The Animationframes for my attackmotion are from frame 100 to 130. Now I need the function which applies the damage to be activated only then when the Animationframes have reached approximately frame 15 (or “half” out of these 30 frames). This attackmotion also continously loops. The problem is I can’t find any function to check which animationframe is played, so how can I implement this?
Hmmm somehow I can’t add any event…it shows me the clips are “Read-Only”. Any way to solve that?
From the Animation Outline it looks like the duration is 2 seconds exactly and the specified time would be around 1 second. I tried a dirty hack with a “timer” which activates the necessary function after 1 second after the animation was started and then sets a boolean, but this seems much uglier…
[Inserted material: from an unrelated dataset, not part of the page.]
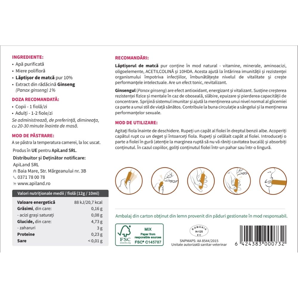 - Lăptişorul de matcă pur conţine în mod natural - vitamine, minerale, aminoacizi, oligoelemente, ACETILCOLINĂ şi 10HDA;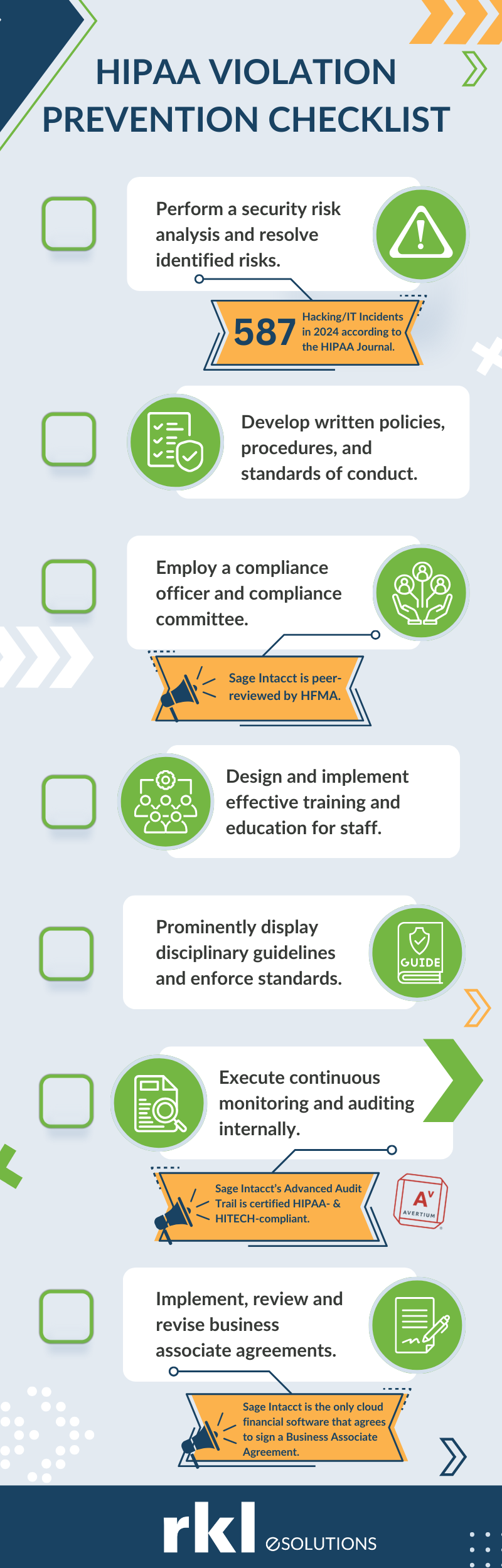 Learn more about what RKL has to offer with HIPPA compliance prevention including our prevention checklist that can help you identify potential risks and steps you can take to prevent future violations.

Uh what? Why do I need to create a copy of the animation in order to read (and not write) a value? This doesn’t seem logical to me, because I don’t want to edit the animation, just execute a function that is approximately at half of the clip (it doesn’t even need to be exact). Isn’t there a way to read how much of the animation has already played without using an “AddEvent” ?
E.g. I also don’t want to “hard-animate” an event but be able to change the function on the fly via variables like e.g. 0.5 for doing the function at half of the clip or 0.3 for doing it at one third. I don’t think the AddEvent is the solution to this.
Adding an AnimationEvent modifies it (remember, it saves the animation again), which is only possible with assets created in unity, not assets controlled through the import pipeline that need to be possible to reimport and update at any time.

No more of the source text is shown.